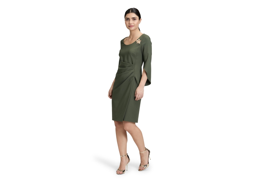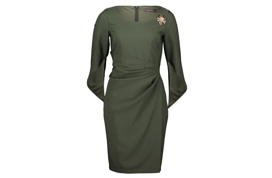 Vera Mont jurk 5117/4031/5583. Dit getailleerd model heeft een diepe, ronde hals en halfopen driekwartmouwen. Deze donkergroene jurk van Vera Mont is op de linkerborst gedetailleerd met een broche en sluit aan de achterzijde door middel van een (blinde) rits. Het model is afgewerkt met plooidetails op de taille en is uitgevoerd in stretchkwaliteit.
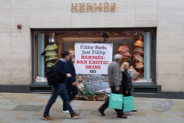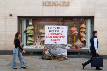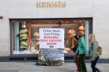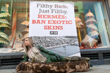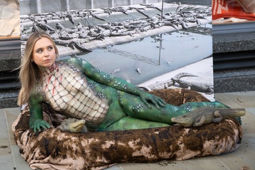 Bodypainted PETA 'Crocodile' in Filthy Pool to Condemn Hermès’ Skins Sales at New Bond Street, London, UK
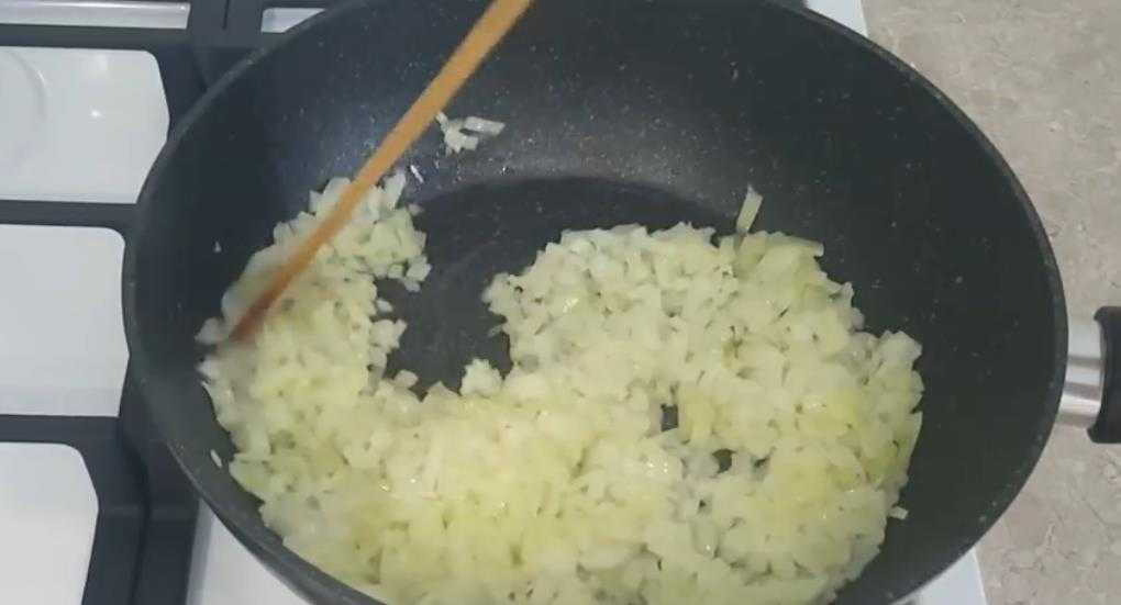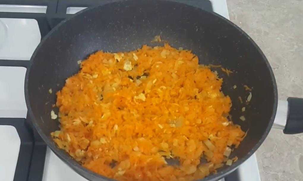 - Обжарить луковые ломтики на растительном масле до прозрачности. Нарезать морковку мелкими кубиками, обжарить вместе с луком до мягкости.
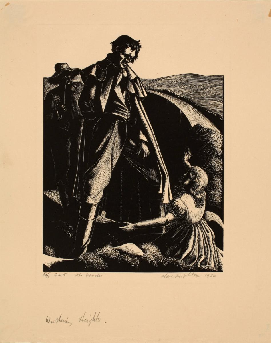 Not on viewClare Leighton, known for her illustrations of nineteenth-century British novels, also wrote prolifically on the virtues of rural life in an increasingly urban and industrial world. These wood engravings for a 1931 edition of Wuthering Heights combine Leighton's cherished English countryside with the brooding moors of Emily Brontë's imagination.
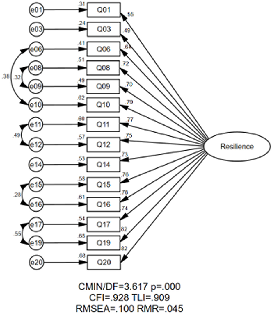 In addition, we also evaluated the one-factorial structure of EFL vocational school teacher resilience. The initial CFA results indicated unsatisfactory model fit indices for this structure. As Figure 2 illustrates, the modified one-factorial structure exhibited poorer model fit indices compared to the tri-factorial structure: RMSEA = 0.100, SRMR = 0.053, CFI = 0.928, TLI = 0.909. Considering both the theoretical framework and statistical analysis, the tri-factorial structure was chosen as the final measurement model.
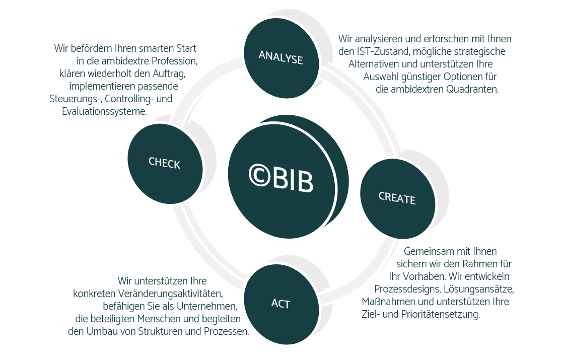 Der ©BIB | Business in Balance umfasst unsere generelle Herangehensweise zur Implementierung bzw. Weiterentwicklung des Ambidextren Managements in Unternehmen. Als Methodik umfasst der ©BIB vier Handlungsfelder (ANALYSE, CREATE, ACT, CHECK) und vier inhaltliche Matrizen (Aufträge, Themen, Rollen, Stellhebel für das Management).
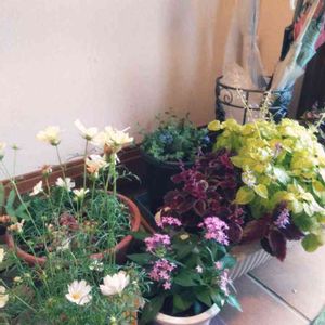 玄関に避難した鉢植えたち。 台風から守ったけど 猫に狙われてます😥
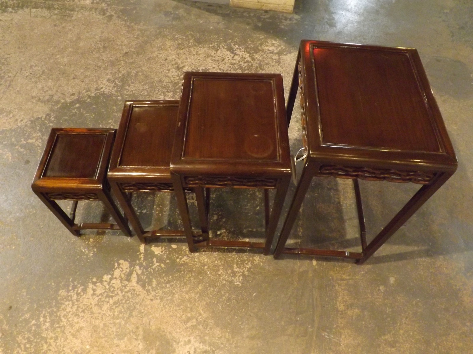 Set of four rosewood Chinese carved nest of tables. The largest table measures at 89.5cm high 45.5cm wide and 35cm deep the smallest is 26.5cm wide 24cm deep and 39.5cm high. The tables sit nicely together for easy storage.
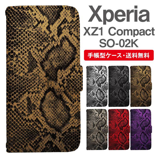 スマホケース 手帳型 Xperia XZ1 Compact エクスペリア SO-02K 携帯ケース カバー 送料無料 パイソン 蛇柄 ヘビ柄 agesugi_ssm
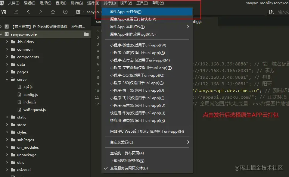 2.打包对应的应用系统,以下分为安卓端和iOS端
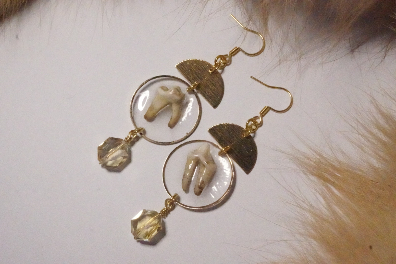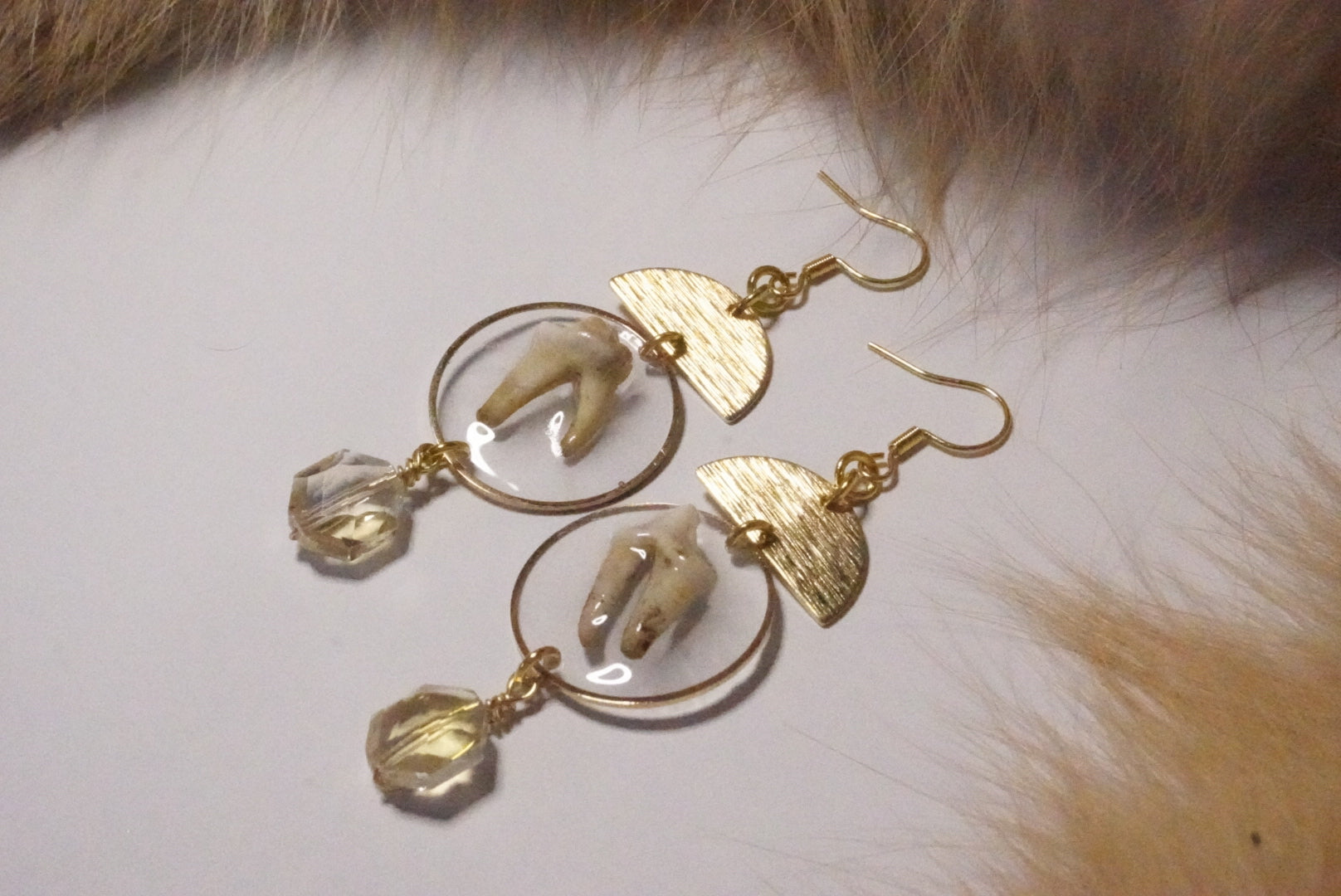 Striking coyote teeth earrings adorned with shimmery glass charms. Authentic natural materials meet iridescent accents for a bold, distinctive look that captures wild elegance.

++++

What is expected: Everything in the material above must be repeated exactly, apart from its pictures.

Problem solution:
 Vera Mont jurk 5117/4031/5583. Dit getailleerd model heeft een diepe, ronde hals en halfopen driekwartmouwen. Deze donkergroene jurk van Vera Mont is op de linkerborst gedetailleerd met een broche en sluit aan de achterzijde door middel van een (blinde) rits. Het model is afgewerkt met plooidetails op de taille en is uitgevoerd in stretchkwaliteit.
 Bodypainted PETA 'Crocodile' in Filthy Pool to Condemn Hermès’ Skins Sales at New Bond Street, London, UK
 - Обжарить луковые ломтики на растительном масле до прозрачности. Нарезать морковку мелкими кубиками, обжарить вместе с луком до мягкости.
 Not on viewClare Leighton, known for her illustrations of nineteenth-century British novels, also wrote prolifically on the virtues of rural life in an increasingly urban and industrial world. These wood engravings for a 1931 edition of Wuthering Heights combine Leighton's cherished English countryside with the brooding moors of Emily Brontë's imagination.
 In addition, we also evaluated the one-factorial structure of EFL vocational school teacher resilience. The initial CFA results indicated unsatisfactory model fit indices for this structure. As Figure 2 illustrates, the modified one-factorial structure exhibited poorer model fit indices compared to the tri-factorial structure: RMSEA = 0.100, SRMR = 0.053, CFI = 0.928, TLI = 0.909. Considering both the theoretical framework and statistical analysis, the tri-factorial structure was chosen as the final measurement model.
 Der ©BIB | Business in Balance umfasst unsere generelle Herangehensweise zur Implementierung bzw. Weiterentwicklung des Ambidextren Managements in Unternehmen. Als Methodik umfasst der ©BIB vier Handlungsfelder (ANALYSE, CREATE, ACT, CHECK) und vier inhaltliche Matrizen (Aufträge, Themen, Rollen, Stellhebel für das Management).
 玄関に避難した鉢植えたち。 台風から守ったけど 猫に狙われてます😥
 Set of four rosewood Chinese carved nest of tables. The largest table measures at 89.5cm high 45.5cm wide and 35cm deep the smallest is 26.5cm wide 24cm deep and 39.5cm high. The tables sit nicely together for easy storage.
 スマホケース 手帳型 Xperia XZ1 Compact エクスペリア SO-02K 携帯ケース カバー 送料無料 パイソン 蛇柄 ヘビ柄 agesugi_ssm
 2.打包对应的应用系统,以下分为安卓端和iOS端
 Striking coyote teeth earrings adorned with shimmery glass charms. Authentic natural materials meet iridescent accents for a bold, distinctive look that captures wild elegance.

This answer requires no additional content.